Items from a data source:
'''

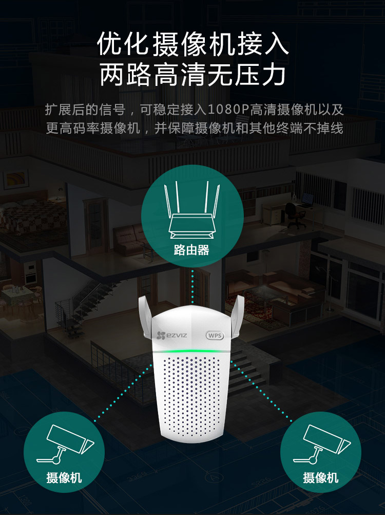 商品名称:萤石 EZVIZW2C 监控级无线中继器 WIFI放大器 增强无线信号
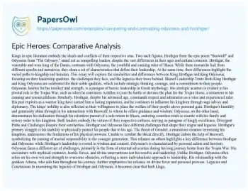 This essay will explore the similarities and differences between King Hrothgar and King Odysseus, focusing on their leadership qualities, the challenges they face, and the legacies they leave behind.
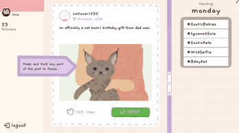 Chill and relax as you scroll through your animal filled social media posts, surely what you repost won't have real consequences... right? Watch the gameplay trailer.
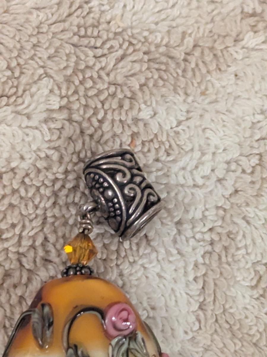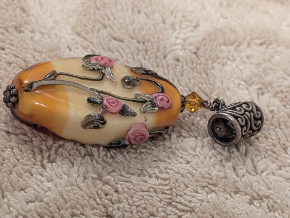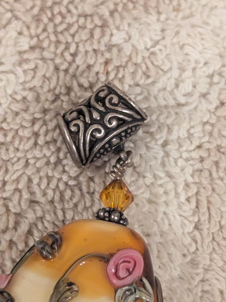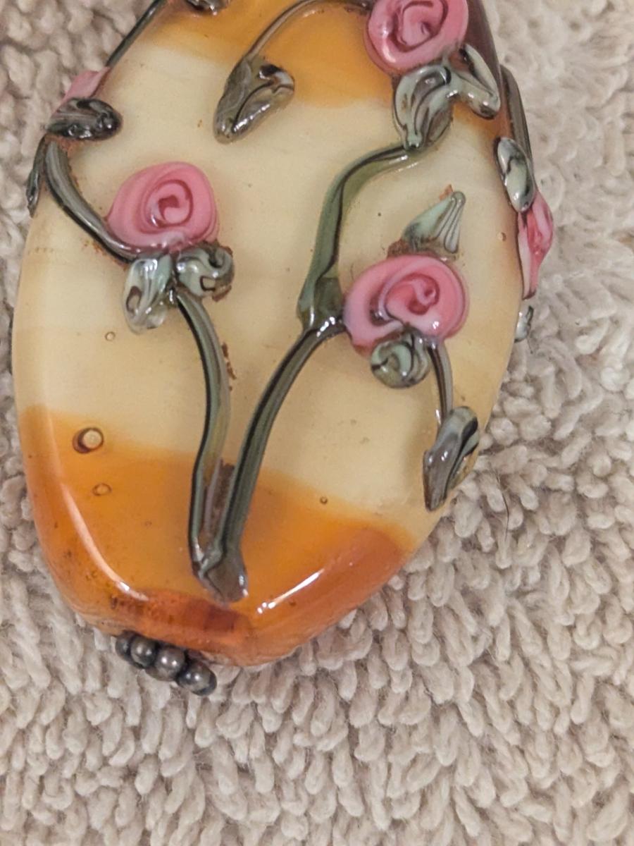 vintage pendant with oval stone and pink rose embellishments
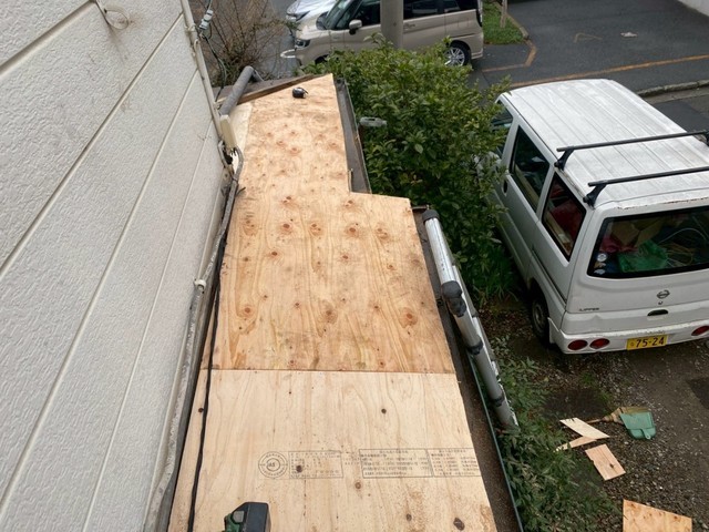 この壁際の流れ部分に板金が施工されていませんでした。
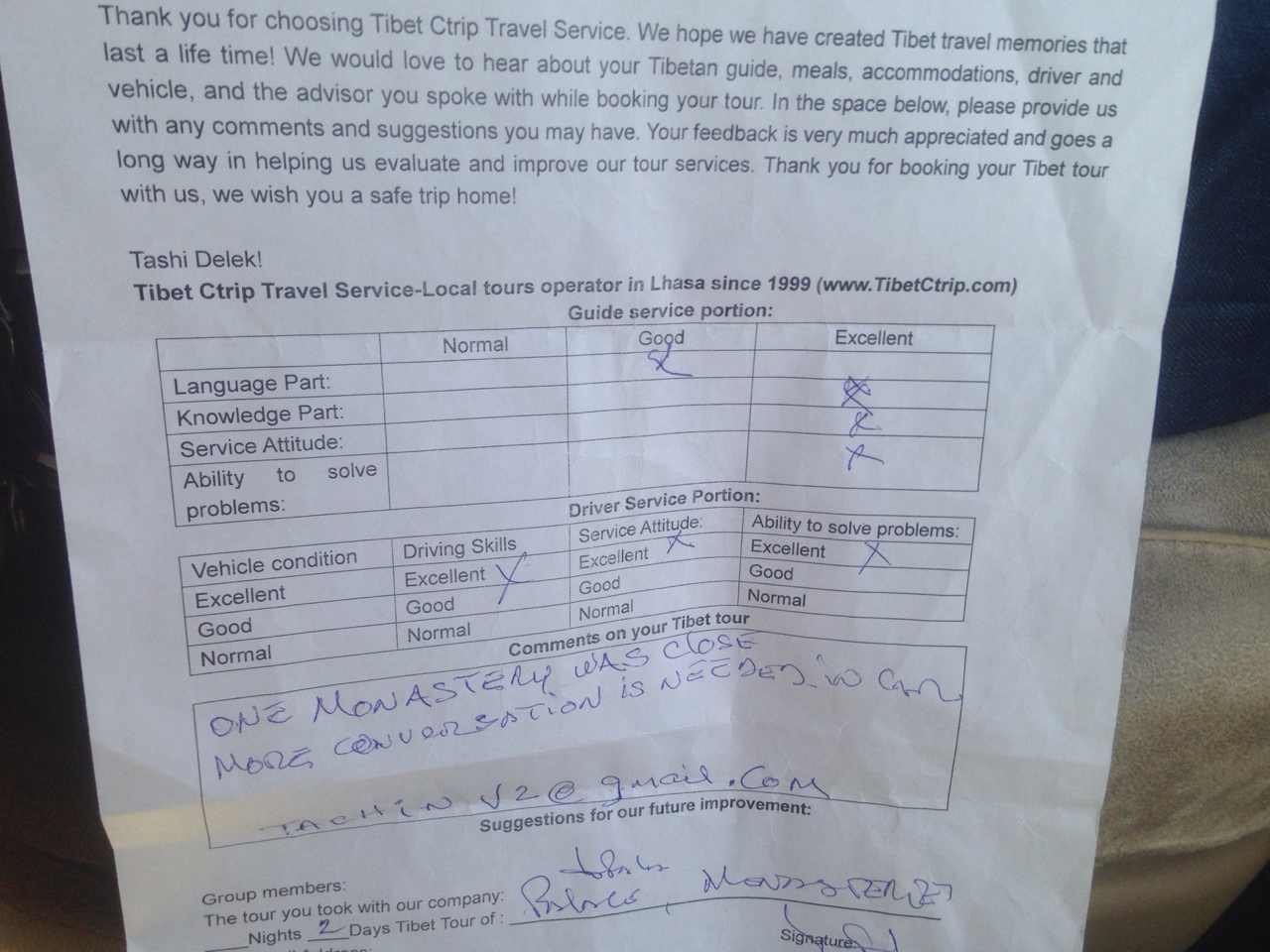 April 3rd, transfer to the airport for morning flight back to Chengdu CA4402, 10:55am-12:50. Check out the handwritten feedback letter form for Tibet travel agency review!
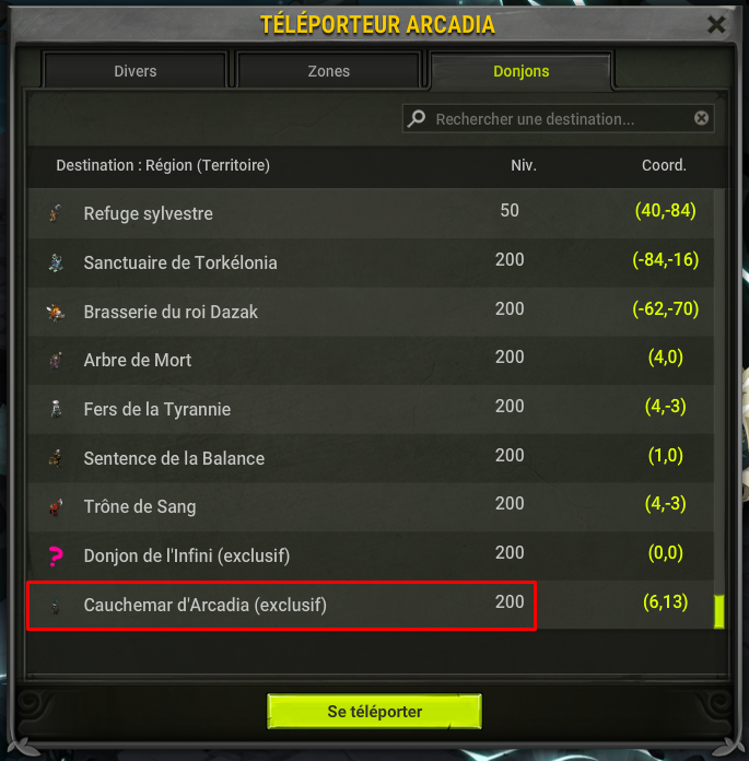 Une fois la clef acquise, vous pourrez vous téléporter au donjon via le Teléporteur de Donjon.
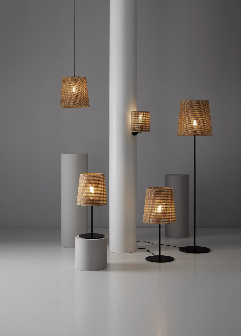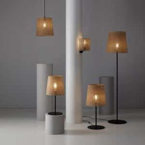 LÁMPARA DE PIE KANATAN. La lámpara de pie Kanatan es un punto de encuentro entre el pasado y el presente a través de la combinación de los materiales que la forman. Un pergamino tapizado da forma a la pantalla creando de esta manera un contraste con el cuerpo de metal de acabado negro mate.
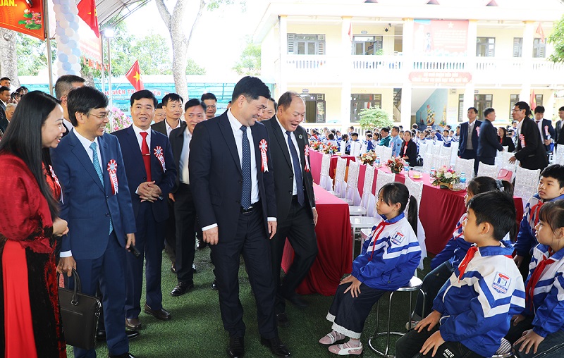Thừa ủy quyền của Chủ tịch nước, Bí thư Tỉnh ủy Nguyễn Hồng Thái trao Huân chương Lao động hạng Nhì cho Trường Tiểu học Bố Hạ.
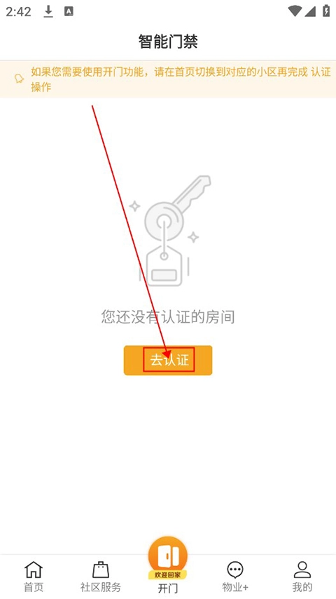 2. 在弹出的智能门禁界面上,点击屏幕中央的“去认证”选项,就能前往认证。
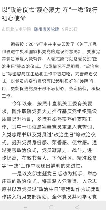 随州机关党建:以“政治仪式”凝心聚力 在“一线”践行初心使命
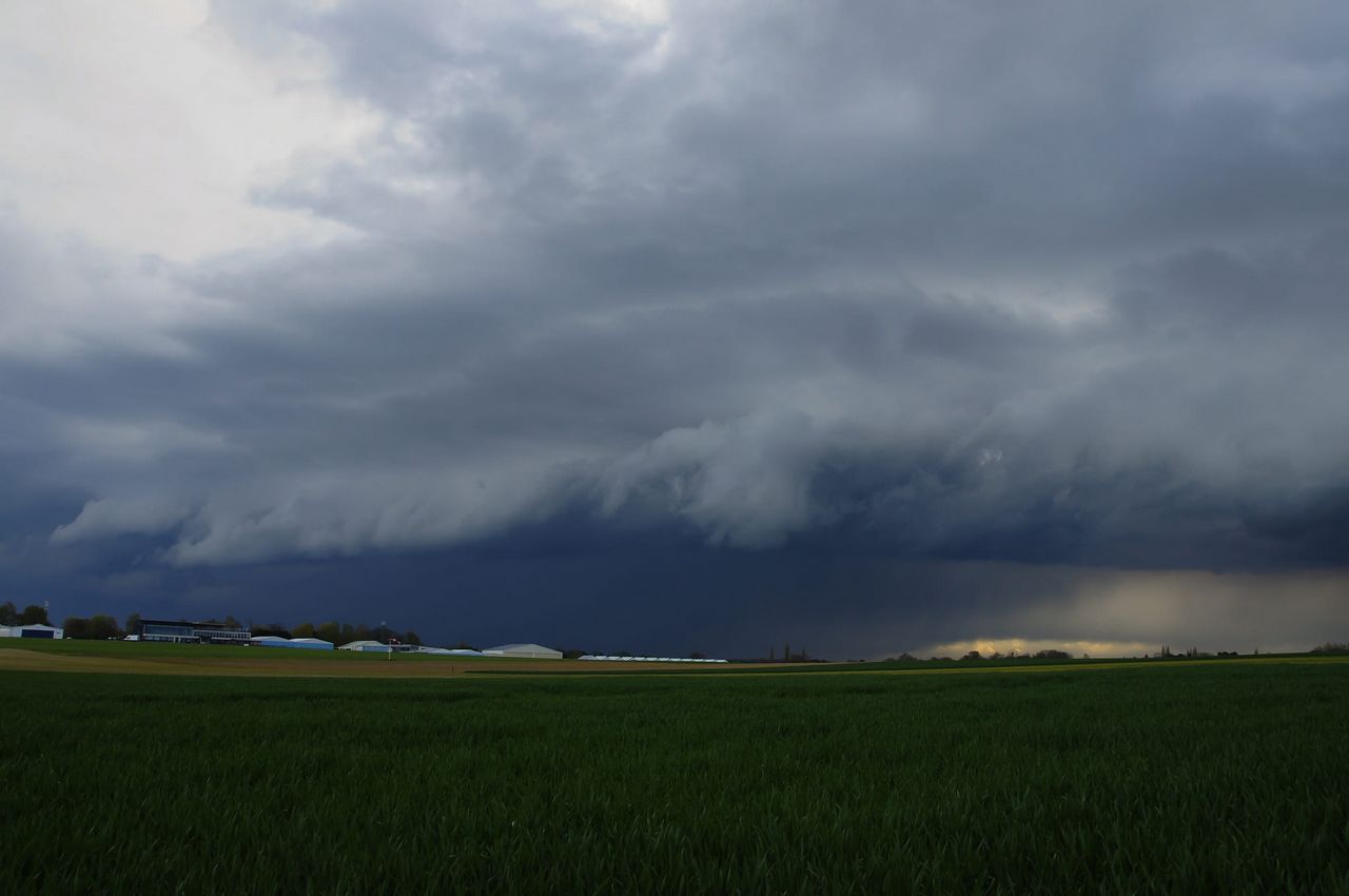 Beau cumulonimbus blanc derrière quelques fractocumulus gris dans le ciel de Jemeppe-sur-Meuse, ce 21 avril 2023.
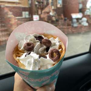 親が好きな長沼のアイス屋でチョコクレープを頼んだらまさかのチョコソース+しけたチョコワみたいなもん+ホイップクリームクレープが出てきました。生地はもちっとしてて美味でした
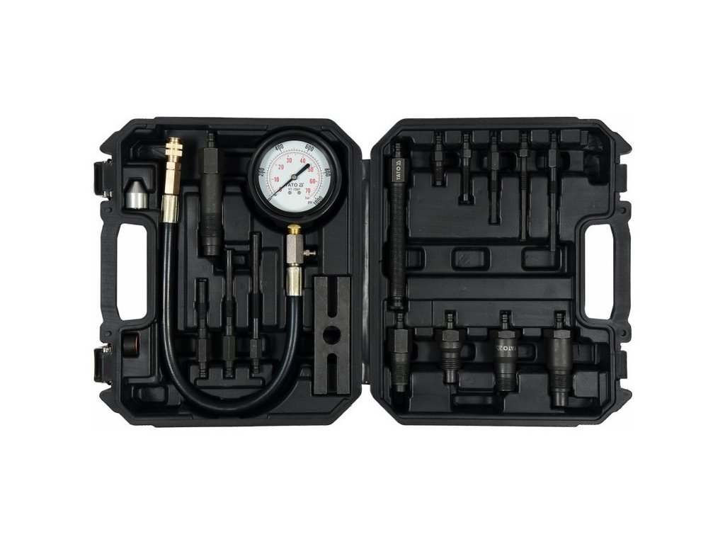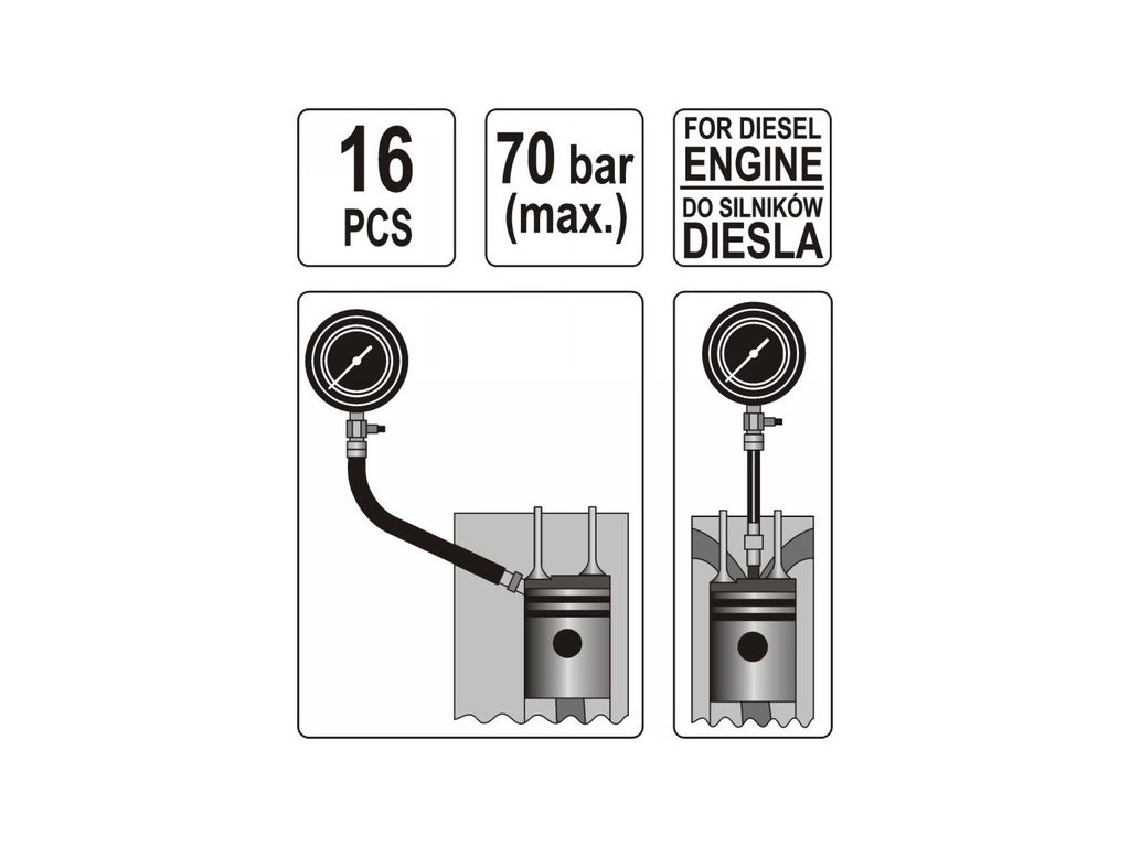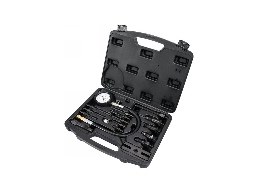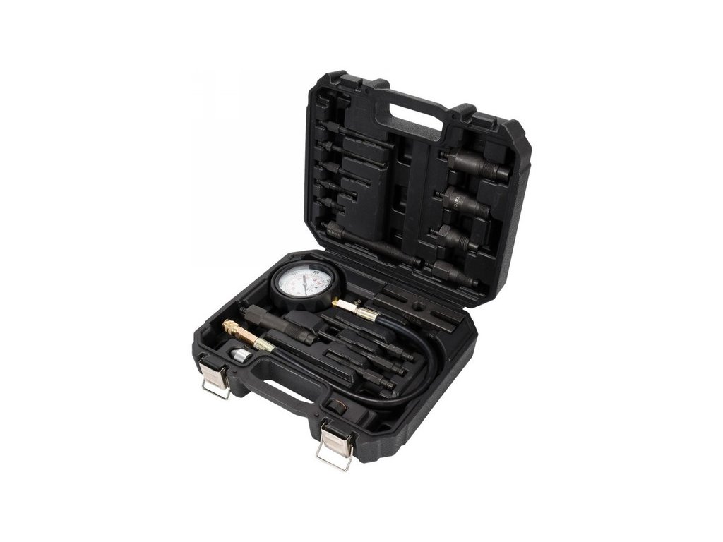 A mérőműszer szakmai használatra készült az autójavító szervizek számára. Használható benzinmotoros személyautók és kisteherautók motorjának diagnosztizálására: VW, Audi, Seat, Skoda, Fiat, Alfa Romeo, Lancia, Peugeot, Ford, Opel, Toyota, Mercedes, Rover. Készült C45 acélból, oxidált felülettel, ami megfelelő tartósságot biztosít a szerszámnak. - 91 mm-es izzítógyertya adapter, M10 x 1 - 119 mm-es izzítógyertya adapter, M10 x 1 - 135 mm-es izzítógyertya adapter, M10 x 1.25 - 118 mm-es izzítógyertya adapter, m22 x 1.5 - 113 mm-es izzítógyertya adapter, M10 x 1 - 102 mm-es izzítógyertya adapter, M10 x 1 - 83 mm-es izzítógyertya adapter, M10 x 1 - 64 mm-es izzítógyertya adapter, M10 x 1.25 - 47 mm-es izzítógyertya adapter, M12 x 1.25 - injektor adapter 88 mm, m24 x 1.5 - injektor adapter 73 mm, m22 x 1.5 - 63 mm-es injektor adapter, m24 x 2 - 75 mm-es injektor adapter, M20 x1.5 - univerzális adapter 160 mm - H - tömörítési nyomásmérő 500 mm - kioldószelep - használati útmutató - bőrönd

'''

§ **WORK INSTRUCTIONS**: No pictures belong in the copy. Repeat the entries exactly.

§ **RESPONSE TO THE TASK**:
 商品名称:萤石 EZVIZW2C 监控级无线中继器 WIFI放大器 增强无线信号
 This essay will explore the similarities and differences between King Hrothgar and King Odysseus, focusing on their leadership qualities, the challenges they face, and the legacies they leave behind.
 Chill and relax as you scroll through your animal filled social media posts, surely what you repost won't have real consequences... right? Watch the gameplay trailer.
 vintage pendant with oval stone and pink rose embellishments
 この壁際の流れ部分に板金が施工されていませんでした。
 April 3rd, transfer to the airport for morning flight back to Chengdu CA4402, 10:55am-12:50. Check out the handwritten feedback letter form for Tibet travel agency review!
 Une fois la clef acquise, vous pourrez vous téléporter au donjon via le Teléporteur de Donjon.
 LÁMPARA DE PIE KANATAN. La lámpara de pie Kanatan es un punto de encuentro entre el pasado y el presente a través de la combinación de los materiales que la forman. Un pergamino tapizado da forma a la pantalla creando de esta manera un contraste con el cuerpo de metal de acabado negro mate.
Thừa ủy quyền của Chủ tịch nước, Bí thư Tỉnh ủy Nguyễn Hồng Thái trao Huân chương Lao động hạng Nhì cho Trường Tiểu học Bố Hạ.
 2. 在弹出的智能门禁界面上,点击屏幕中央的“去认证”选项,就能前往认证。
 随州机关党建:以“政治仪式”凝心聚力 在“一线”践行初心使命
 Beau cumulonimbus blanc derrière quelques fractocumulus gris dans le ciel de Jemeppe-sur-Meuse, ce 21 avril 2023.
 親が好きな長沼のアイス屋でチョコクレープを頼んだらまさかのチョコソース+しけたチョコワみたいなもん+ホイップクリームクレープが出てきました。生地はもちっとしてて美味でした
 A mérőműszer szakmai használatra készült az autójavító szervizek számára. Használható benzinmotoros személyautók és kisteherautók motorjának diagnosztizálására: VW, Audi, Seat, Skoda, Fiat, Alfa Romeo, Lancia, Peugeot, Ford, Opel, Toyota, Mercedes, Rover. Készült C45 acélból, oxidált felülettel, ami megfelelő tartósságot biztosít a szerszámnak. - 91 mm-es izzítógyertya adapter, M10 x 1 - 119 mm-es izzítógyertya adapter, M10 x 1 - 135 mm-es izzítógyertya adapter, M10 x 1.25 - 118 mm-es izzítógyertya adapter, m22 x 1.5 - 113 mm-es izzítógyertya adapter, M10 x 1 - 102 mm-es izzítógyertya adapter, M10 x 1 - 83 mm-es izzítógyertya adapter, M10 x 1 - 64 mm-es izzítógyertya adapter, M10 x 1.25 - 47 mm-es izzítógyertya adapter, M12 x 1.25 - injektor adapter 88 mm, m24 x 1.5 - injektor adapter 73 mm, m22 x 1.5 - 63 mm-es injektor adapter, m24 x 2 - 75 mm-es injektor adapter, M20 x1.5 - univerzális adapter 160 mm - H - tömörítési nyomásmérő 500 mm - kioldószelep - használati útmutató - bőrönd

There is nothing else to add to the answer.